The CLI's /status command can report 100% usage while the web dashboard shows significantly lower figures. If Extra Usage is enabled with an unlimited spend cap, the CLI may silently fall back to API billing. Recommendation: disable unlimited Extra Usage or cross-reference the web dashboard until this is patched.

April 4, 2026: Third-Party Framework Enforcement

Anthropic now enforces that Max subscription tokens cannot power third-party autonomous frameworks (OpenClaw, Cursor, custom harnesses). These must use pay-as-you-go API billing. The Max plan is ring-fenced for first-party interfaces: claude.ai, Claude Desktop, and the Claude Code CLI.

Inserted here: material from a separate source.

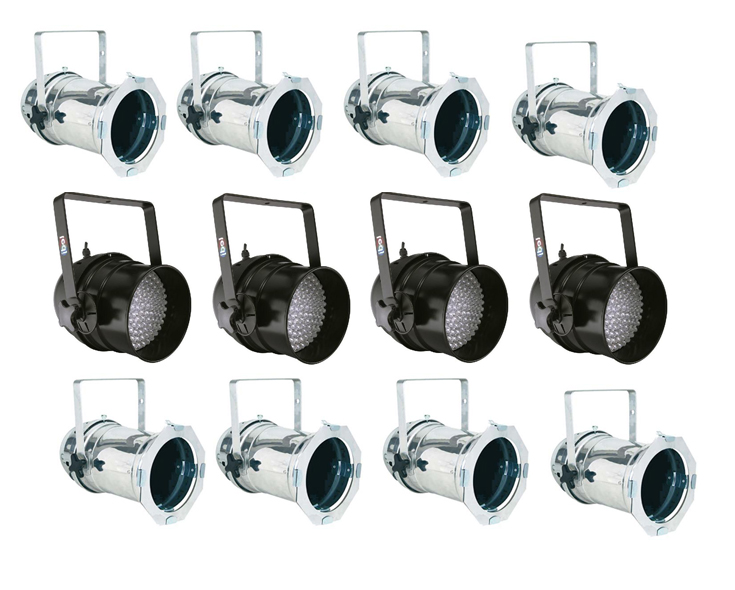 PAR led nên bố trí ở trên hay dưới PAR 64, tránh xen kẽ ở giữa vì sẽ bị ảnh hưởng luồng sáng của nhau. Tất cả phải gắn màu, 4 màu cơ bản là vàng, đỏ, lục, xanh (màu này hơi tối nên có thể đổi thành màu xanh ngọc-cyan sáng và đẹp hơn). Màu trắng lấy của PAR led.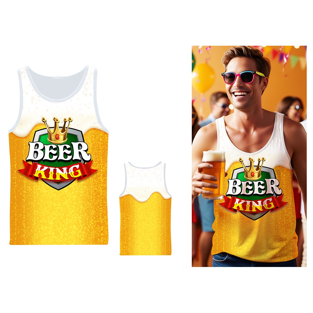 Fallen Sie auf der Feier auf mit dem Beer King Tanktop - einem ärmellosen Shirt im Bierkrug-Look und gekröntem Logo, das für eine fröhliche, festliche Ausstrahlung sorgt.

14. Configuration Quick Reference

Key environment variables and settings for tuning Claude Code behavior.

Variable Purpose Example
ANTHROPIC_MODEL Override primary model opusplan
CLAUDE_CODE_EFFORT_LEVEL Persist effort across sessions (only way to persist max) max
CLAUDE_CODE_SUBAGENT_MODEL Model for background sub-agents claude-haiku-4-5
ANTHROPIC_DEFAULT_OPUS_MODEL Pin Opus version for opusplan routing claude-opus-4-6
ANTHROPIC_DEFAULT_SONNET_MODEL Pin Sonnet version for opusplan routing claude-sonnet-4-6
CLAUDE_CODE_EXPERIMENTAL_AGENT_TEAMS Enable Agent Teams (experimental) 1

Known UI Bug (#30726)

Setting effortLevel: "max" in settings.json works at session start, but interacting with the VS Code effort slider or model selector silently downgrades to Medium. Use the CLAUDE_CODE_EFFORT_LEVEL env var for reliable persistence.